> _Problem_:
Only one span is wanted from the lines below: from the one with "Nedis.fr/RDDB3100GN Fiche produit" up to and including the one with "タック入りウールミドル丈スカート". Copy it exactly, without images.

> _Dataset excerpts_:
· · · ·
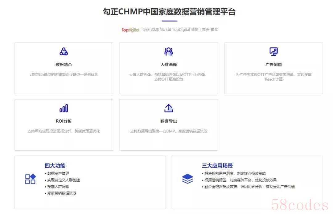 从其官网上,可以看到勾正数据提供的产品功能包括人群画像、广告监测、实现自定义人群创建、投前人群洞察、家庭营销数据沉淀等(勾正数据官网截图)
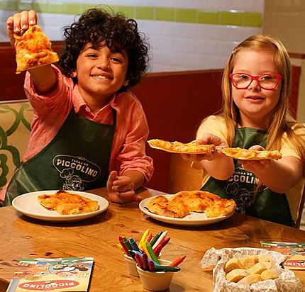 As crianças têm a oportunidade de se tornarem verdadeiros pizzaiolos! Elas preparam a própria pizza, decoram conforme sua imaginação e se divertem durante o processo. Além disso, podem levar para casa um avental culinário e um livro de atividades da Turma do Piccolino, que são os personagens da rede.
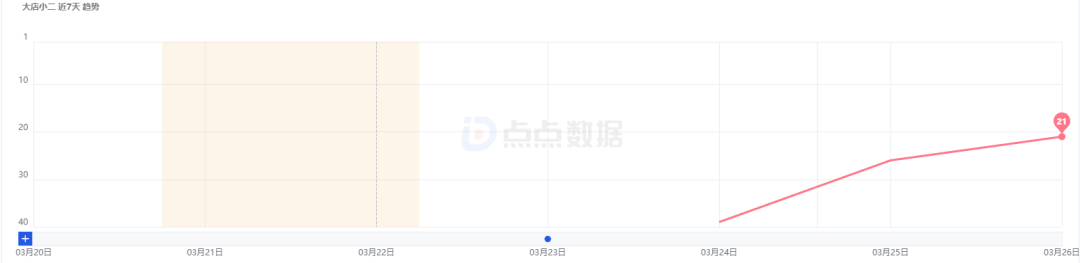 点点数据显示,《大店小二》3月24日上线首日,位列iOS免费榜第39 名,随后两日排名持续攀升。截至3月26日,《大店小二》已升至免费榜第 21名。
· · · ·
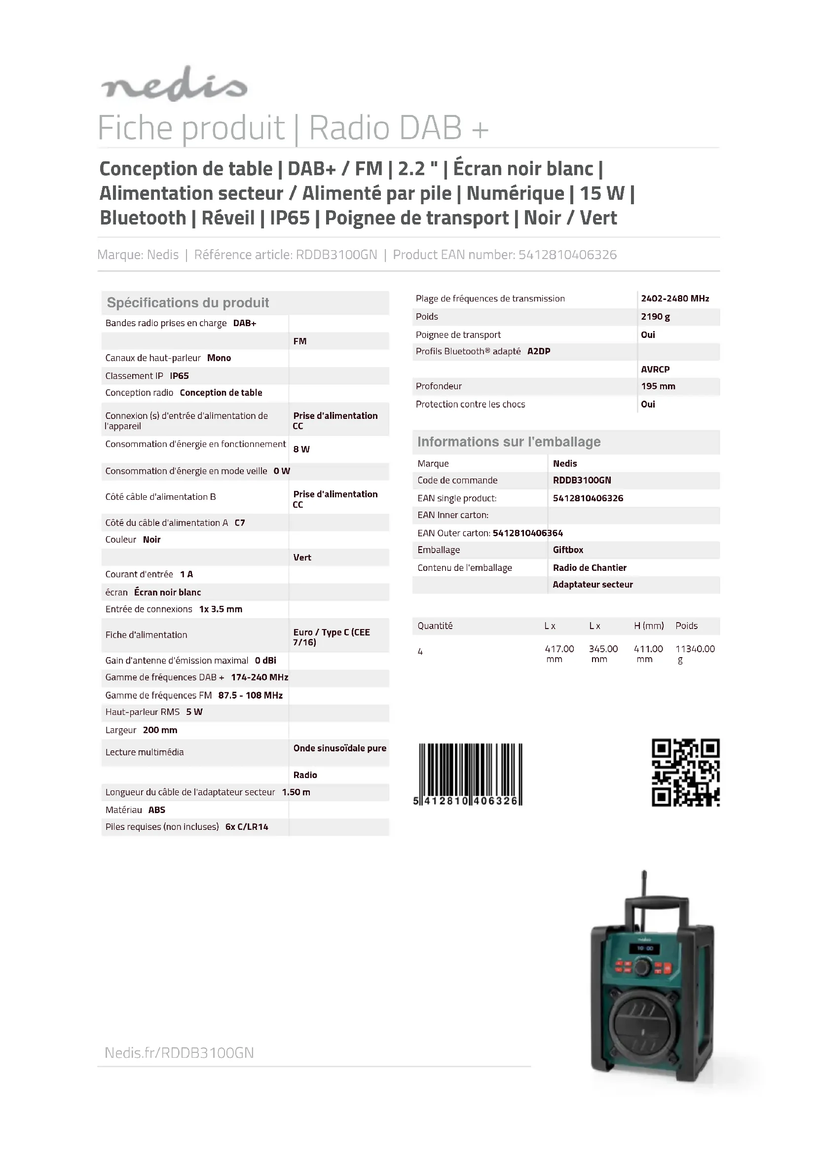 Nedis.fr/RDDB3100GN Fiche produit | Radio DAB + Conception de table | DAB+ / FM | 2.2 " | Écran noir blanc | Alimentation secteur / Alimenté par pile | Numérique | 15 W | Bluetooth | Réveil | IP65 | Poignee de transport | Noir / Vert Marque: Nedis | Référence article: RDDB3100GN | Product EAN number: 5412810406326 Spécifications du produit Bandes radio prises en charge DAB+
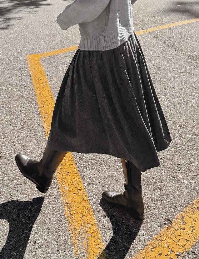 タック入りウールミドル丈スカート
· · · ·
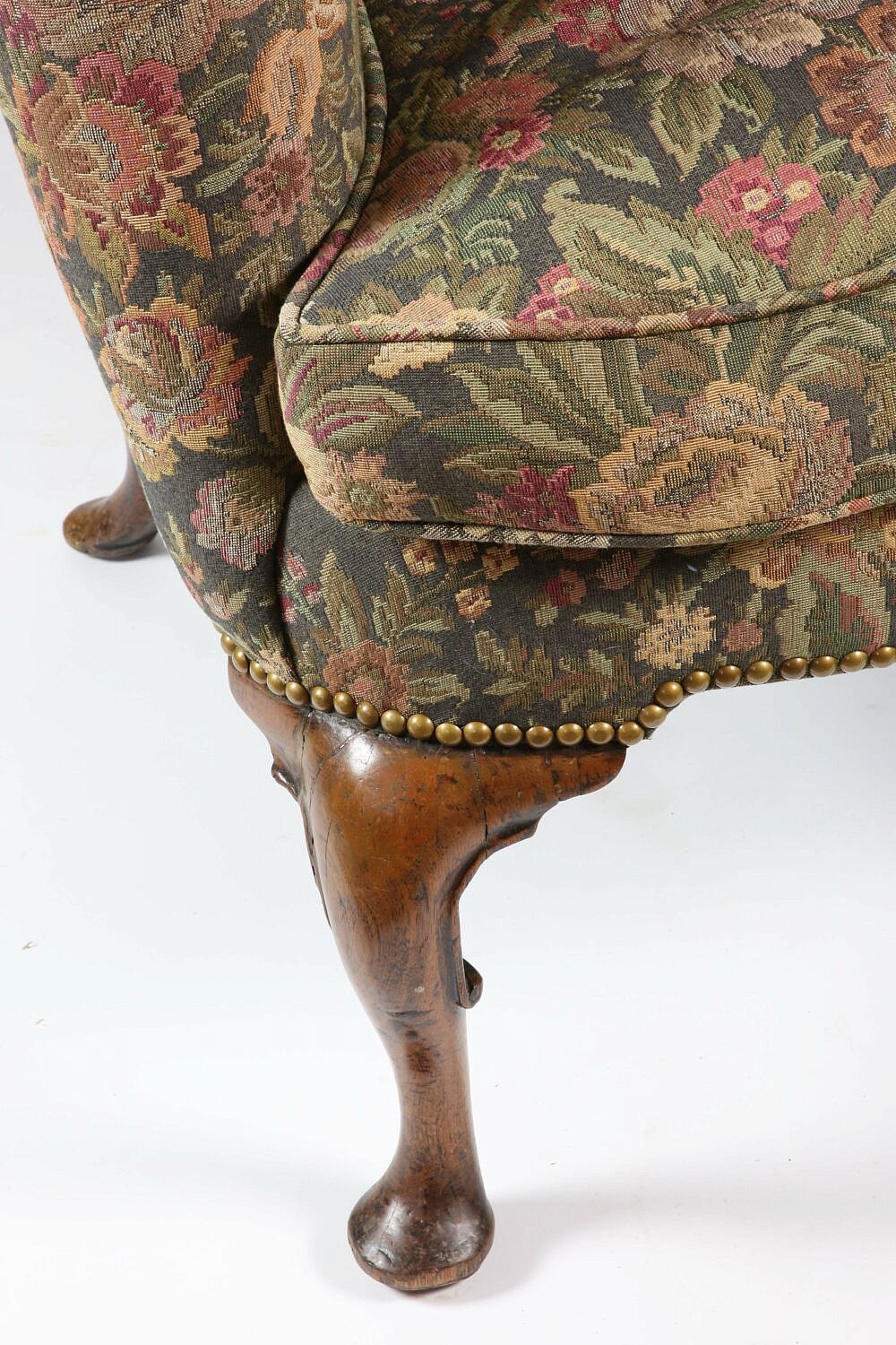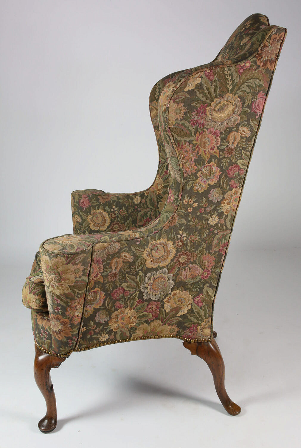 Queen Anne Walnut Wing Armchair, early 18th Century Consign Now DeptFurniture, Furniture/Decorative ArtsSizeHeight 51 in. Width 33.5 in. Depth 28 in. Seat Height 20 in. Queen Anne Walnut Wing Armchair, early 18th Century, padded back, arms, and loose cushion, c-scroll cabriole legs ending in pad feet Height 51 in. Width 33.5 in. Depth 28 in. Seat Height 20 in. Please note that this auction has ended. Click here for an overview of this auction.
· · · ·
> _Exercise response_:
 Nedis.fr/RDDB3100GN Fiche produit | Radio DAB + Conception de table | DAB+ / FM | 2.2 " | Écran noir blanc | Alimentation secteur / Alimenté par pile | Numérique | 15 W | Bluetooth | Réveil | IP65 | Poignee de transport | Noir / Vert Marque: Nedis | Référence article: RDDB3100GN | Product EAN number: 5412810406326 Spécifications du produit Bandes radio prises en charge DAB+
 タック入りウールミドル丈スカート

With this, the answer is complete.